I want to briefly highlight the latter part of the statement as well, that the “Palestinians have very few rights in their homeland.” I take objection to this statement not due to semantics but due to its implication, which against impunes Israel/IDF of having any part in manufacturing and subjecting this system of oppression onto the Palestinians. As far the concept of natural rights go, it is asserted that all human beings, inherently possess inalienable rights (which cannot be denied to them). So the statement, if it had any accuracy, would reflect that it is not that the Palestinians possess very few rights, but that they are denied their very fundamental rights, and only allowed as much freedoms as are required for basic survival. And who is the party which denies them the freedom? And which state does that unit serve? Who are the policy makers and enacters? Reuveny has no insight there, except for some very choice words demonstrating Palestinian misery, but not the policies or parties bringing that about.
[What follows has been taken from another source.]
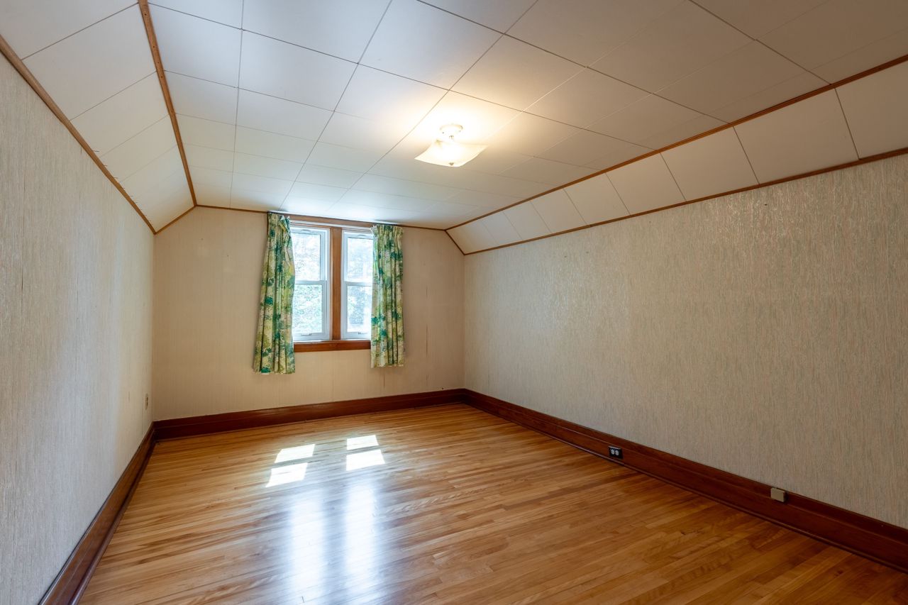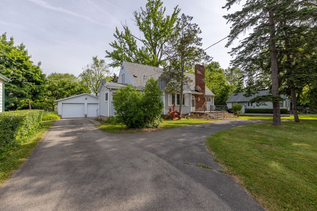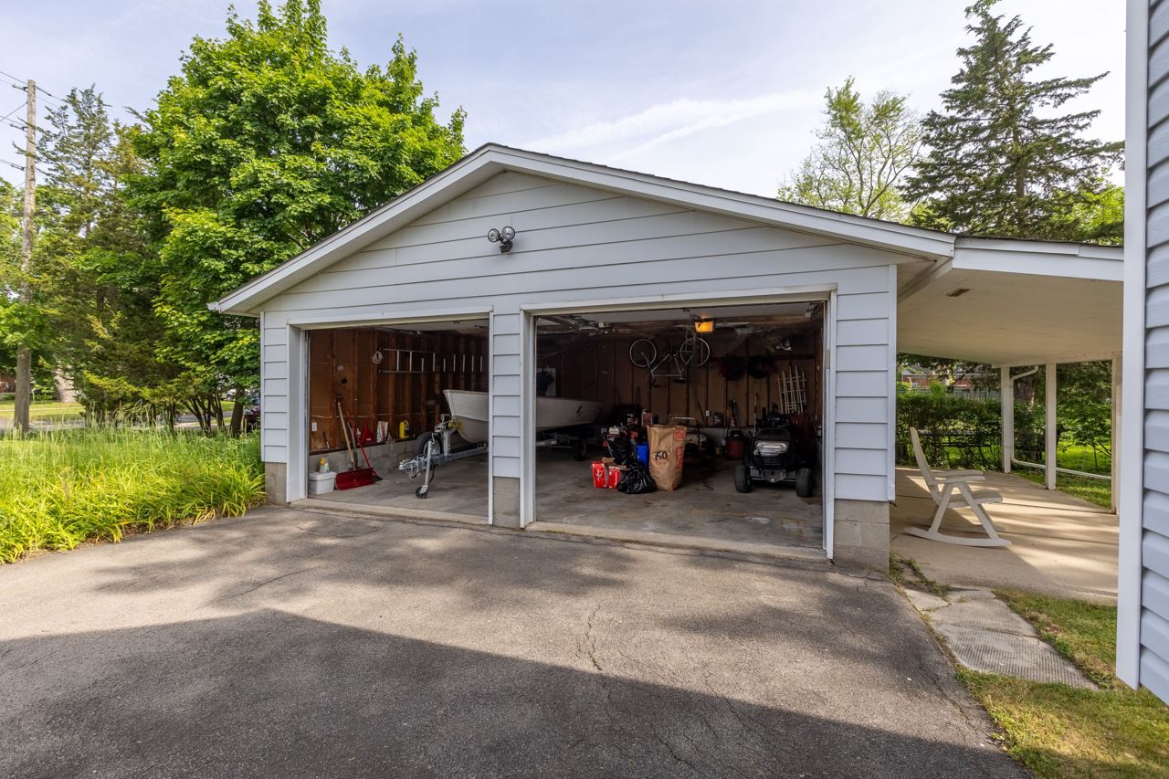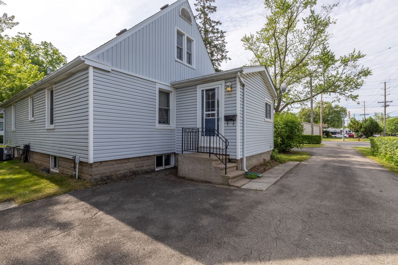 Charming Character Home on Expansive Park-Like Lot! Welcome to this beautifully maintained 3-bedroom, 2-bathroom character home, ideally situated on a generous 101.5-foot-wide lot featuring a circular driveway and an oversized double garage, perfect for a home-based tradesperson or car enthusiast. Step inside to find pristine hardwood floors flowing throughout the home, enhancing its timeless charm. The inviting living room boasts a cozy wood-burning fireplace, stained glass windows, and a distinctive rounded wood door creating a warm and welcoming atmosphere. The formal dining room is ideal for hosting family gatherings or entertaining guests. On the main floor, two well-appointed bedrooms feature classic wood trim and vintage crystal door handles, while the updated 4-piece bathroom adds modern comfort to this classic home. Upstairs, a spacious third bedroom offers a walk-in closet and beautiful hardwood flooring, accompanied by an expansive bonus space ideal for a great room, office, or additional living area.The unfinished basement provides abundant storage, a laundry area with a sink and toilet, and a substantial bonus room awaiting your personal touch. Outdoors, the expansive lot provides ample parking and a serene setting. The detached double garage is equipped with its own breaker panel, a gas line for heating, and a covered patioan ideal workspace or retreat. A separate generator panel offers added peace of mind during power outages. Notable Updates: House Roof (2016) | Garage Roof (2021) | Electrical Updates (2010) | Furnace (2008) | Central A/C (2020) | Hot Water on Demand System (2008). This exceptional property blends classic charm with modern upgrades and practical features! Dont miss your opportunity to make it yours. Bonus: Adjacent severed lot (33 x 121) also available for sale. Keep it as part of your park-like property or sell separately. Offered at $140,000.

Now my contention is that people like him who are readily using words bitterly condemned in Israeli circles, have started doing so because they have come to realize that the Israeli state has started to undermine itself, as very clearly stated in the so-called ‘demographic problem.’ That is the very reason that these Zionists have sprung into action, of suddenly declaring that Israel is a colonial project, or that it is ‘approaching’ apartheid (notably they still aren’t ready to admit the apartheid description). Not some genuine desire for peace, not for asserting the rights of Palestinians (for then they would realize that the problem is 1948), nor for bringing the regime responsible for atroticies to justice, but to keep their own homeland from destroying itself. In that the professor echoes the words of Henry Siegman who demonstrated the same shift of opinion, which is one of necassity for preserving the zionist project, not one for promoting the rights of the Palestinians.